En definitiva, El psicoanálisis ¡vaya timo! es un aporte significativo. La colección “¡vaya timo!” está poblada de críticas a creencias irracionales populares como las brujas y la astrología, y quizás algún gurú académico se resienta de que el psicoanálisis sea equiparado a la creencia en vampiros o abducciones extraterrestres. Pero, es hora de sincerarse y apreciar que los cuentos sobre el complejo de Edipo y la envidia del pene son, precisamente, cuentos.
Este libro debería servir también de advertencia para que otras disciplinas con perfil académico no incurran en los abusos epistemológicos del psicoanálisis. Como acertadamente señalan los autores, es muy fácil caer en sesgos de confirmación, e interpretar todo en función de una teoría que creemos que todo lo explica bien. Junto al psicoanálisis, podemos criticar al marxismo de ver explotaciones y alienaciones donde el sentido común no ve nada de eso. Así como Freud interpretó la epilepsia de Dostoyevski como el resultado de su complejo edípico no resuelto, así también los marxistas tienen la tentación de explicarla como una enfermedad ocasionada por la opresión burguesa en la Rusia zarista.

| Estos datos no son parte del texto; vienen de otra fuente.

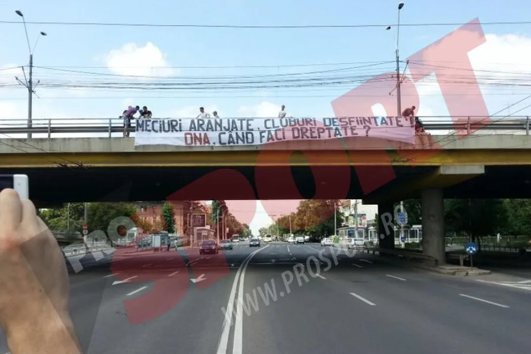 Lipsesc fanii rapidiști la barajul cu Chiajna? „Vrem în A, dar NU așa!” FOTO Bannerele afișate de suporterii giuleșteni
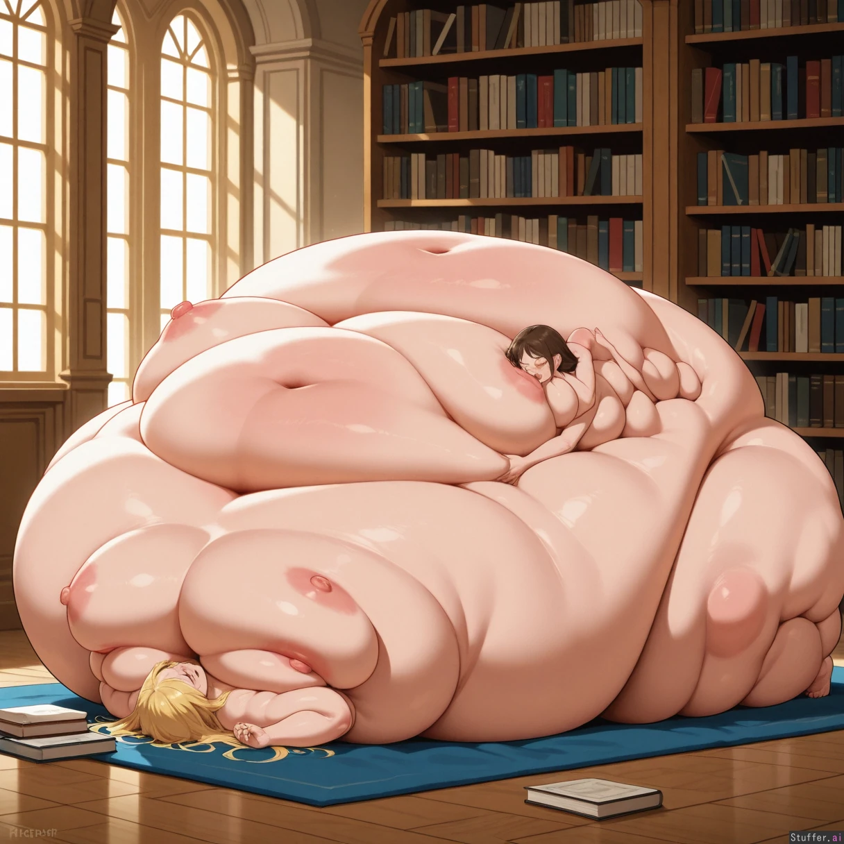Lesbian_couple, yuri, grabbing_belly, (((fully nude))) Arguing, library, blonde_hair, (((Laying down))) ((Hyper_chubby_belly: 0.8)) (((Hyper morbidly obese:1.4))) ((Hyper voluptuous:0.8)) ((growing belly:0.9)), ((overfed)), ((full belly:0.8)), ((tigh belly:1.2)), ((round belly:1.2)), ((expanding belly:0.6)) (blush), ((((big round belly)))), thick thighs, ((gigantic pregnant belly:0.6)), ((gigantic engorged breasts:0.8)), nipple bulge, ((chubby)),
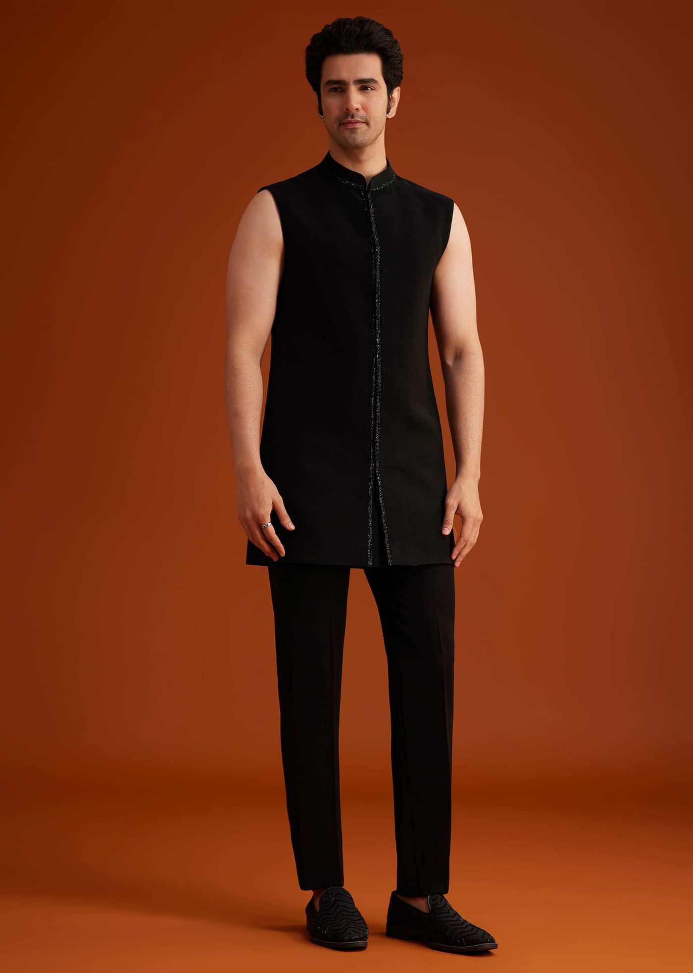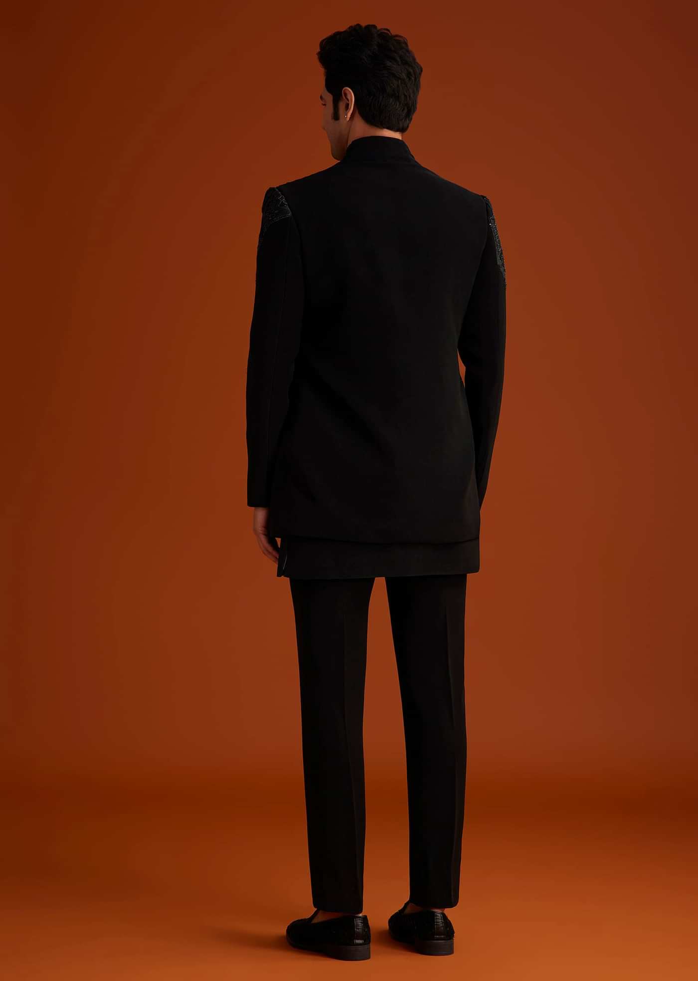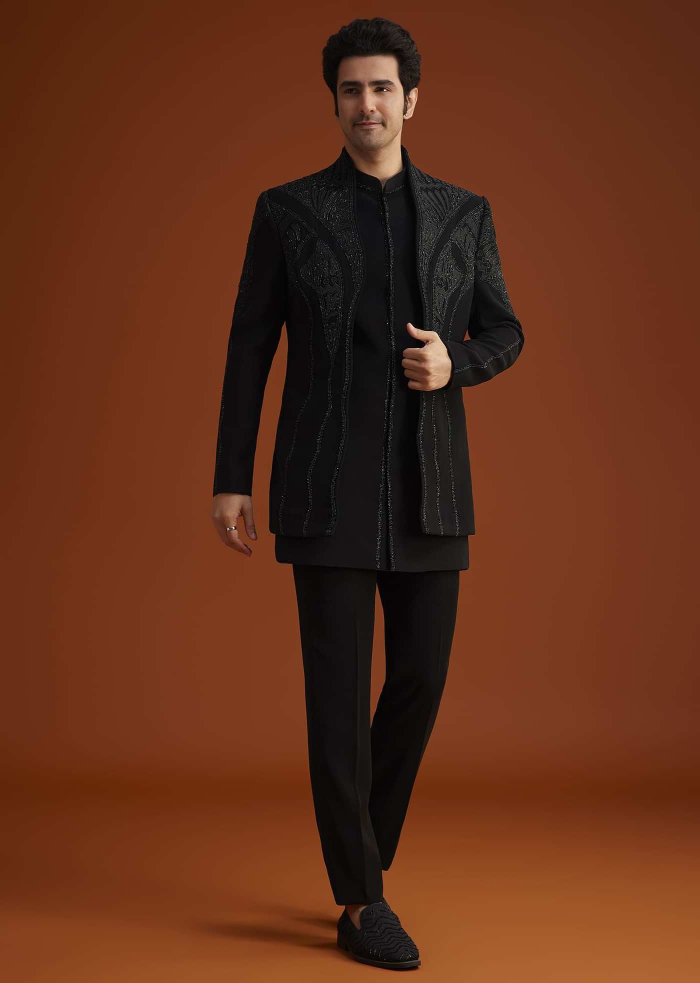 • Redefine power dressing with this sharp black Indo-western set featuring intricate tonal embroidery and subtle sequin highlights.
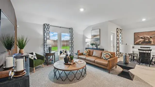 D.R. Horton America''s Builder since 2002 is excited to serve as your new home builder in Lonestar at Liberty Trails, a fabulous unique master planned community in Justin and Northwest ISD! The Texas Cali Floorplan Elevation-B, with an estimated Spring completion. This is a single-story home offering 4 bedrooms, 2 bathrooms, and a 2-car garage. The open layout includes a family room, breakfast nook, and kitchen, featuring a large island, granite countertops, stainless steel appliances, gas range, built-in microwave, and a corner pantry. The primary suite includes a quartz-topped vanity, a 5-foot oversized shower, and a large walk-in closet. Luxury vinyl flooring enhances the entry, hallways, and wet areas, and the home includes a Home Is Connected® Smart Home Technology package. Outside, a covered back patio and fenced backyard with sod and sprinklers provide the perfect outdoor retreat. Additional features include a gas tankless water heater for energy efficiency. Future Community Amenities to include: Club House, Dog Park, Fishing Pond, Pickleball, Playground, Pool, Splash Pad, Walking-Nature Trails and Sand Volleyball. Situated conveniently near Highway 114 and Highway 287, Lonestar at Liberty Trails provides access to key roads, making it ideal for commuting and exploring the surrounding areas.
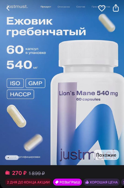 JUSTMUST Ежовик гребенчатый 540 мг в капсулах☀️ https://www.wildberries.ru/catalog/278543420/detail.aspx?size=428385133 Определённо👉 Скидка найдена! Мы в MAX 🔗 Все наши каналы
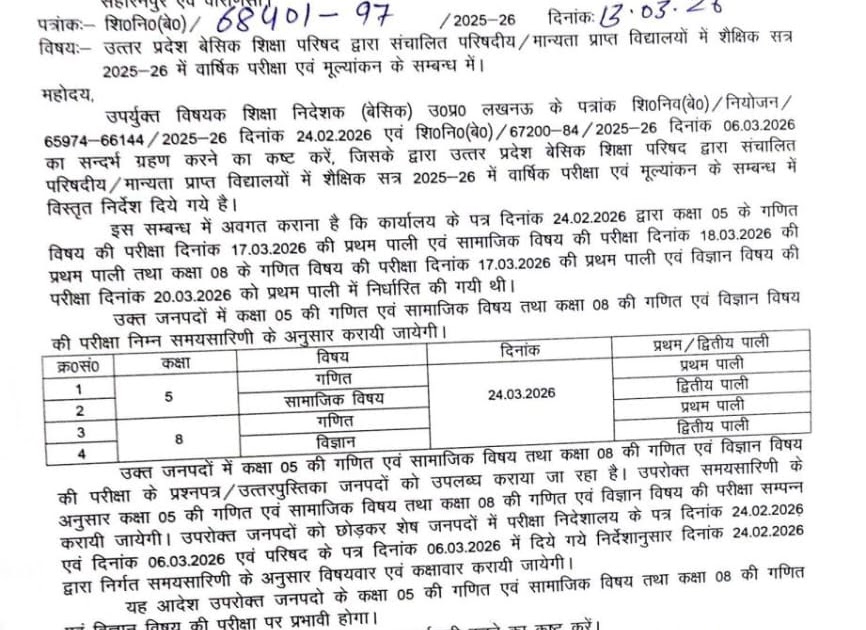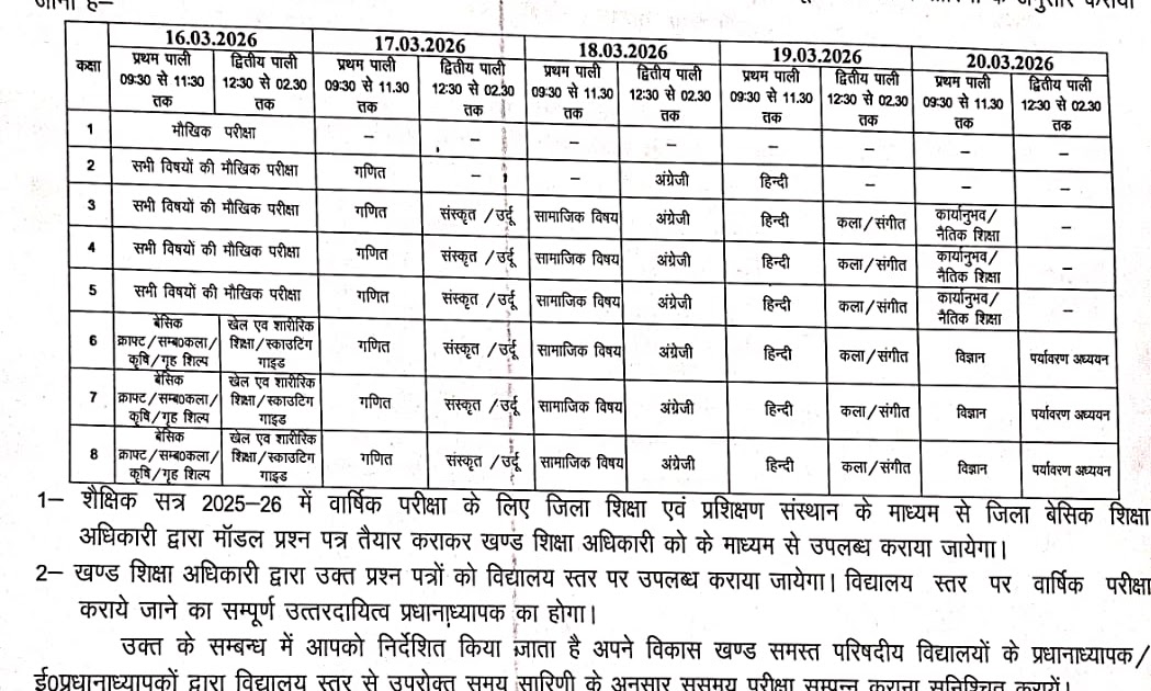 उत्तर प्रदेश बेसिक शिक्षा परिषद द्वारा संचालित परिषदीय/मान्यता प्राप्त विद्यालयों में शैक्षिक सत्र 2025-26 में वार्षिक परीक्षा कराने के सम्बन्ध में। – UpdateMarts| PRIMARY KA MASTER | SHIKSHAMITRA | Basic Shiksha News

Quizás la disciplina que hoy en día más riesgo corre de caer en los vicios del psicoanálisis, es la psicología evolucionista, a la cual los autores frecuentemente apelan. Como bien señala Mario Bunge, existe el peligro de interpretar todos los rasgos mentales en función de las adaptaciones de nuestros ancestros en la sabana africana. La psicología evolucionista promete ser muy plausible, pero debe asumirse con cautela.